Every defense organization that runs wargames eventually confronts the same decision: do we run a facilitated, human-umpired tabletop session, or do we run the scenario through a software platform that adjudicates outcomes automatically? The framing of this as a binary choice — old versus new, manual versus digital — misses what both formats actually optimize for. Kriegsspiel and AI-assisted wargaming are not competing products. They are tools for different problems, and choosing the wrong one for the wrong problem wastes the most constrained resource a military organization has: the time of the people in the room.
This article examines both formats with enough technical specificity to support a genuine procurement or program decision. It covers what each approach does well, where each falls short, how hybrid architectures bridge the gap, and how to match the format to the use case. It draws on the broader literature on wargaming in doctrine development and on current practice in AI-assisted military simulation.
A brief history of Kriegsspiel
The word Kriegsspiel — German for war game — has referred to a specific method since 1811, when Georg von Reisswitz and his son developed a board-based simulation system for the Prussian army. The younger Reisswitz presented a refined version to the Prussian General Staff in 1824. Chief of the General Staff Karl von Müffling's reported reaction — "this is not a game, this is training for war" — captures precisely why the format spread rapidly through European and eventually global military establishments.

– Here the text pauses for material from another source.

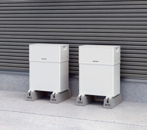 主要メーカーの最新システムラインアップ② シャープ 住宅用エネルギーソリューションシステム「Eeeコネクト」 住設商品 2025/8/15 AI制御のクラウド蓄電池で自家消費を最適化 屋外設置のクラウド蓄電池 シャープ(堺市)は太陽光発電パネル、パワーコンディショナー、蓄電池、V2H、HEMSを連携したトータルソリューション「Eeeコネクト」を提案。独自のAI制御で自動的に蓄電池の運転を最適化し、生み出した電気の自家消費率を向上させる。パワコンはハイブリッド型とトライブリッド型の2機種があり、最初は太陽光発電のみ設置して後から蓄電池やEVを連携することができる。屋外設置で海岸近くでも設置できる重塩害対応。

The core architecture of the original Kriegsspiel remains recognizable in modern tabletop wargaming. A map represents the operational area, typically at a scale that allows meaningful tactical decision-making. Physical pieces represent military units. Players issue orders in writing, maintaining the friction and delay of actual command. A human umpire — the Schiedsrichter — adjudges the outcomes of combat and movement, using dice and reference tables but retaining authority to override results that violate common sense or operational realities that the tables cannot capture.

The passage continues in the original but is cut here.